── Entries supplied ──
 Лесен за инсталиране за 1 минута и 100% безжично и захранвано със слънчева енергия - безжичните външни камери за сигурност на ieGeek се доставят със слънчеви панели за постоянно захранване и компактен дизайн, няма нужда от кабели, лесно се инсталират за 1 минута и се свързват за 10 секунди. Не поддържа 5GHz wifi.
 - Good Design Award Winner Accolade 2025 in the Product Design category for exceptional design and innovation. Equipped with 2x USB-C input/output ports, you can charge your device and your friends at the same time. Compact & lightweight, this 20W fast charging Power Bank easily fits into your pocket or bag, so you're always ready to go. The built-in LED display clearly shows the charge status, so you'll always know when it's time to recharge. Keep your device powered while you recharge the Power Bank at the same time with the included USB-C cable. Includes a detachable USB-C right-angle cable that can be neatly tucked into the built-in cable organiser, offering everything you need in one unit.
───
── Entries supplied ──
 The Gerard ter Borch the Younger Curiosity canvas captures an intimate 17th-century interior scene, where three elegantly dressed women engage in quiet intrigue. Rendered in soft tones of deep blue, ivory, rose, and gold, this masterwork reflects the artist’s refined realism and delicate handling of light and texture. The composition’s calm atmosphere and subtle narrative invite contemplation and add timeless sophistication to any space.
───
[What to work on] Could you restate, word for word, the lines above from the one with "Лесен за инсталиране" to the one with "- Good Design", both included?

[Finished exercise]
 Лесен за инсталиране за 1 минута и 100% безжично и захранвано със слънчева енергия - безжичните външни камери за сигурност на ieGeek се доставят със слънчеви панели за постоянно захранване и компактен дизайн, няма нужда от кабели, лесно се инсталират за 1 минута и се свързват за 10 секунди. Не поддържа 5GHz wifi.
 - Good Design Award Winner Accolade 2025 in the Product Design category for exceptional design and innovation. Equipped with 2x USB-C input/output ports, you can charge your device and your friends at the same time. Compact & lightweight, this 20W fast charging Power Bank easily fits into your pocket or bag, so you're always ready to go. The built-in LED display clearly shows the charge status, so you'll always know when it's time to recharge. Keep your device powered while you recharge the Power Bank at the same time with the included USB-C cable. Includes a detachable USB-C right-angle cable that can be neatly tucked into the built-in cable organiser, offering everything you need in one unit.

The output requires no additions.